On Tuesday, the last league day of the WPL, Sciver-Brunt, however, highlighted how the gradual slowing of the surfaces has negated some of the early advantage batters enjoyed. “I mean, they’re short, right?” she said of the boundary dimensions, smiling. “Everyone’s talked about it right at the start. But since then, it’s not really [made much of a difference]. Because the wickets have been a little bit slower or a little bit stoppy or turning or whatever it is [as the tournament has progressed], that then brings in more for the bowlers.”

The other aspect the league stage found itself somewhat wanting is the performance of Indian cricketers, internationals or otherwise. A case in point: only one uncapped domestic player – Indians left-arm spinner Saika Ishaque – features on the top 10 wicket-takers’ chart, and none among the top 10 on the highest run-scorers’ list, where Kaur and Capitals teenager Shafali Verma are the only Indian representation.

Dayalan Hemalatha of Gujarat Giants plays a shot against UP Warriorz.
Dayalan Hemalatha of Gujarat Giants plays a shot against UP Warriorz.
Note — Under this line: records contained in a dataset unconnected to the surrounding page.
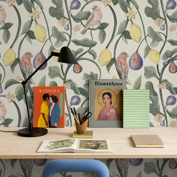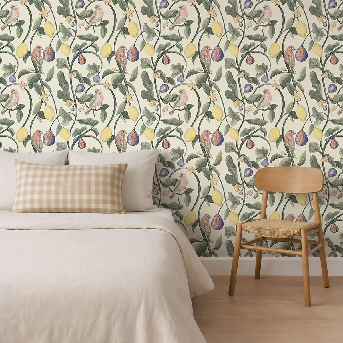 Behang Vogels tussen bladeren en vruchten Nr. a01107
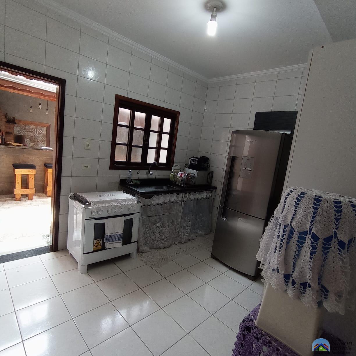 sobrado com 2 dormitórios 1 suíte, sala, cozinha, 3 wcs, lavanderia, área gourmet com churrasqueira + Fogão a Lenha, garagem para 2 carros e quintal lateral.
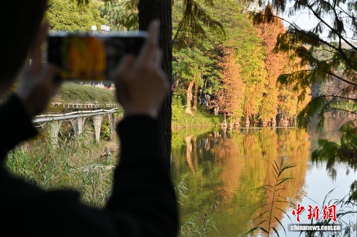 12月27日,廣東省廣州市麓湖公園的落羽杉換上“冬裝”,由綠色轉(zhuǎn)為古銅色或紅褐色,吸引游客游園拍照。中新社記者 陳楚紅 攝
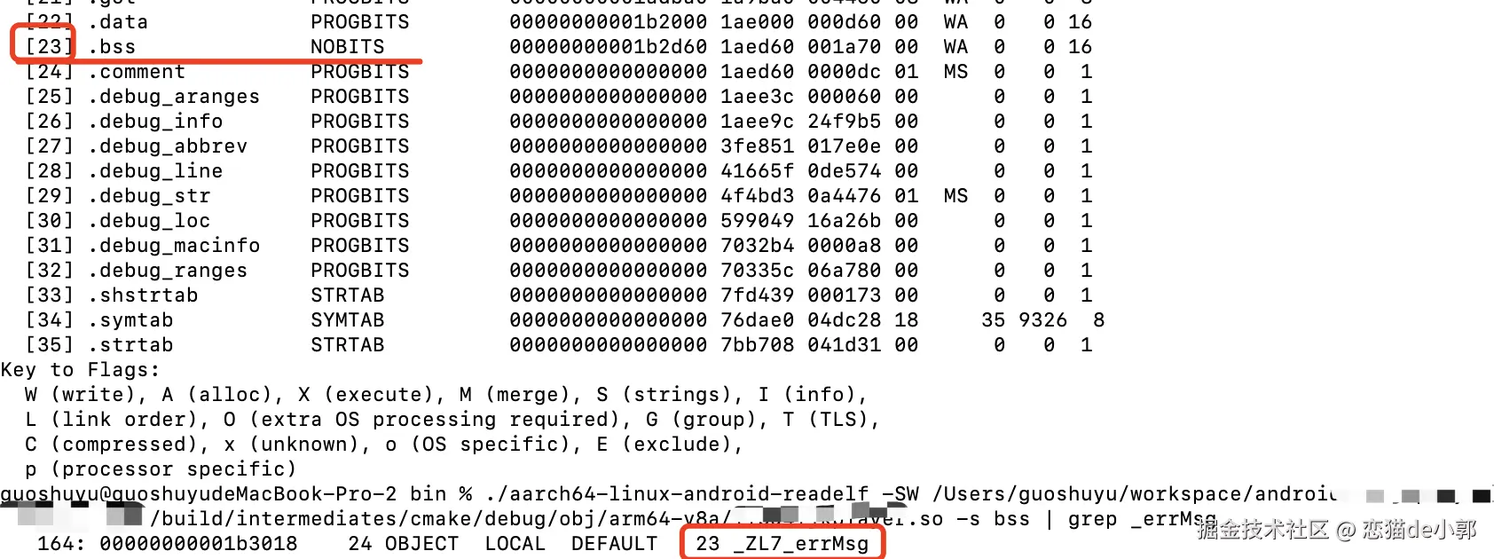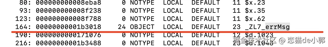 我们可以通过前面的 readelf 工具看一下,如下命令所示 ,通过 -s | grep _errMsg 输出,我们可以看到 _errMsg 确实存在 [23] 的 bss 的 NOBITS 位置。
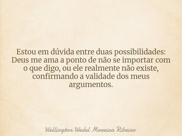 Estou em dúvida entre duas possibilidades: Deus me ama a ponto de não se importar com o que digo, ou ele realmente não existe, confirmando a validade dos meus argumentos.
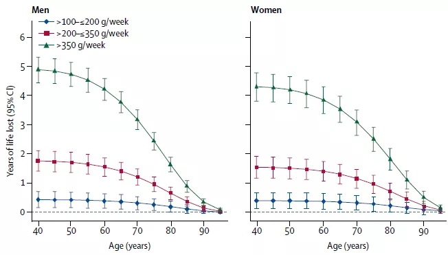 綠色線是每周攝入酒精量大于350g的作死組的預期減壽情況,越年輕的飲酒者越受影響,40歲的飲酒者每周攝入量超350g,預期壽命減少接近5年。
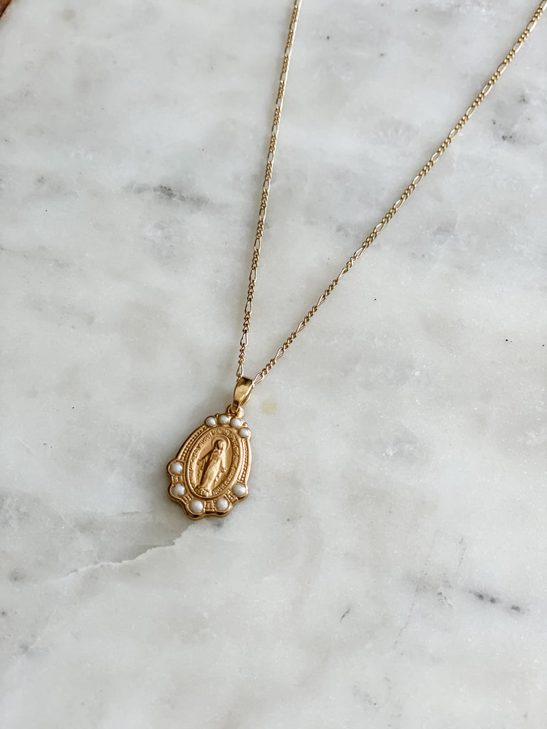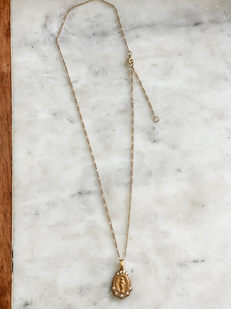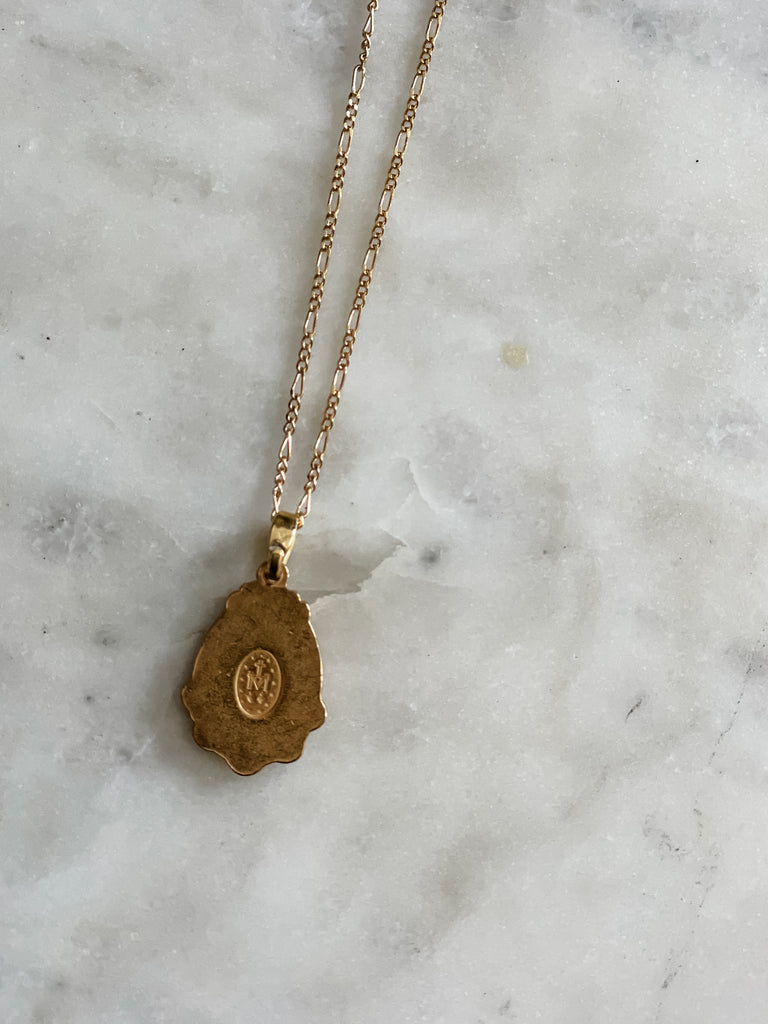 This stunning Miraculous Medal necklace is sure to become a cherished heirloom for years to come! The front of the medal features the image of the traditional Miraculous Mary, wreathed with tiny enamel "pearls". On the back, the traditional Miraculous Medal backing is stamped. This necklace was lovingly created using a vintage mold found in a New England jewelry shop. We just adore its timeless and truly classic look!

Photograph: Pankaj Nangia/Getty Images

Beyond the immediate tangibles, the confluence of Indian and overseas talent, however, could reap long-term dividends for the women’s game in India and globally. “I think there’s two parts to my job here: one is to win games of cricket and the other is to develop young Indian cricketers,” said Jon Lewis, the England and Warriorz head coach on Tuesday.

“The fact that we were in a position where we’re able to put again a 16-year-old leg-spinner [Parshavi Chopra] out and an 18-year-old fast bowler (Soppadhandi Yashasri) out into her first game [against Capitals], I think that should really be celebrated and that’s what this competition is all about: growing young Indian cricketers and giving them an experience.”

Perhaps the only way to summarise the strides the WPL has made would be to borrow an official tournament hashtag, which, in Hindi, goes: “#YehToBasShuruatHai (This is just the beginning).”